Title: Knocking on Windowpanes
Author: ExcentrykeMuse
Pairing(s): Bella/Septi, (one sided) Bella/Darcy, (past) Darcy/Elizabeth
Fandoms: Twilight Saga/Pride&Prejudice/Wimsey Mysteries
Rating: PG
Word Count: 2k
Warnings: arranged marriages, talk of infidelity, time travel, time appropriate standards
Summary: Bella had agreed to marry Darcy, but her heart belonged to someone else entirely…
Author’s Note: Just a little something I whipped up for you all.
Knocking on Windowpanes
There was a knock at the door, well past nine in the evening, and Bella sat up from where she was reclining on a sofa. A book of poetry was clasped between her fingers. She had been trying to read it, but her thoughts had been too distracted to pick up the words on the page.
She wondered if Darcy had come back.
Sighing, she set down the book and sat up. She had already had Charlotte take down her hair, and it had been brushed out and braided for when she had eventually decided to go to bed. Her stockings had been discarded in favor of bare feet, and she was no longer wearing a black blusher.
Not bothering to glance out the window to see Darcy’s carriage, she looked about at all the bouquets of white roses Darcy had sent over the past several days.
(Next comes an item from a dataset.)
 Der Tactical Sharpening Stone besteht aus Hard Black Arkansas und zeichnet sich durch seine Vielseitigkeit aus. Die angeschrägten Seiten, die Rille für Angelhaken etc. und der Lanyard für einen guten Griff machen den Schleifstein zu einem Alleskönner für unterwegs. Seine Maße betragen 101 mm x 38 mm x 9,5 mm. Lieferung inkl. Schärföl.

Bella had even gone so far as to find a book on floriography in a small bookstore in Bloomsbury. White roses meant, in this instance, she believed, a clean slate.
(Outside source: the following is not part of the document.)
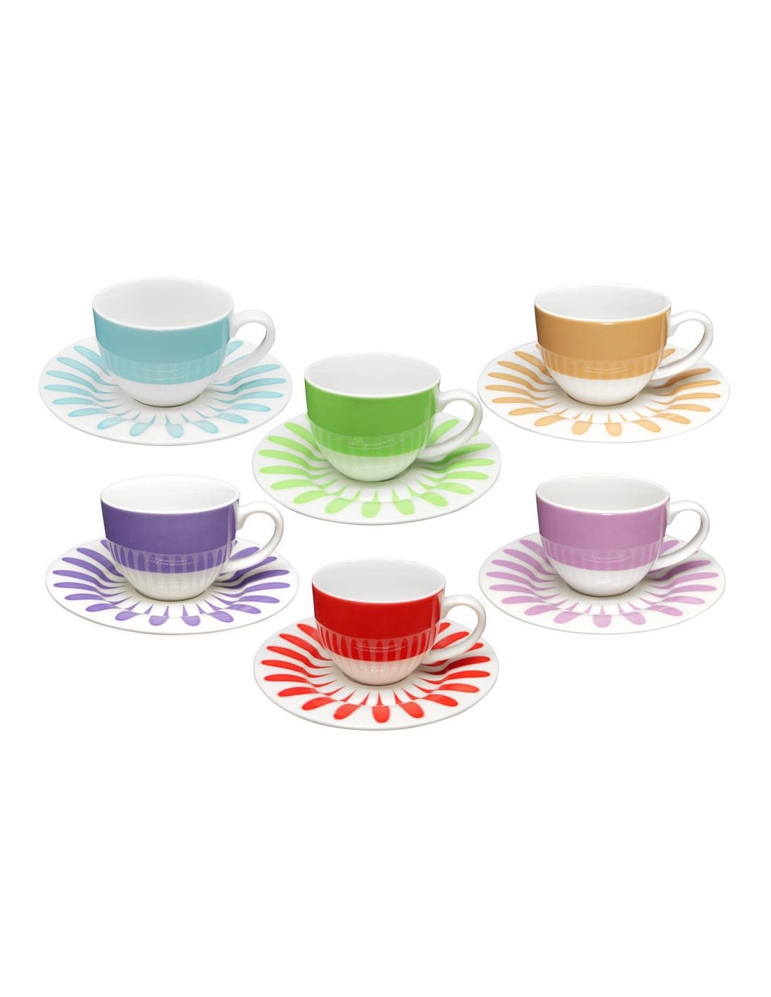 18 Tazze caffe con piattino coordinato 85 ml (3x 6 colori)

Darcy wanted a clean state with her.
His name had been dragged into scandal by none other than Lady Whistledown just three weeks prior, when he had unfortunately allowed his cousin, Colonel Fitzwilliam, to take him out drinking to forget a woman—a woman Bella only knew as “the lady with the fine eyes.” Rumor had it that he had proposed marriage to this unsuitable woman in Kent and had been thoroughly rejected, despite his elevated status and ownership of Pemberley. Someone among the drinking party had let it slip, and now Whistledown knew—now all of London knew.
Darcy, determined to rise above the gossip, had asked Bella to marry him to stem the rumors.
Bella only agreed to the plan because she was three and twenty and had been living off her wits for nearly four years, going from one card game to the next, from one hotel to another, from country to country, ending up in London. Her luck would soon run out. It was already beginning to. She owed more money than she had stashed away in her sock drawer. She was getting desperate.
Darcy had offered to raise her up and pay her debts, in exchange to her bringing the Swan name to that of Darcy and gracing his table. And provide him appropriate heirs, she thought grimly to herself.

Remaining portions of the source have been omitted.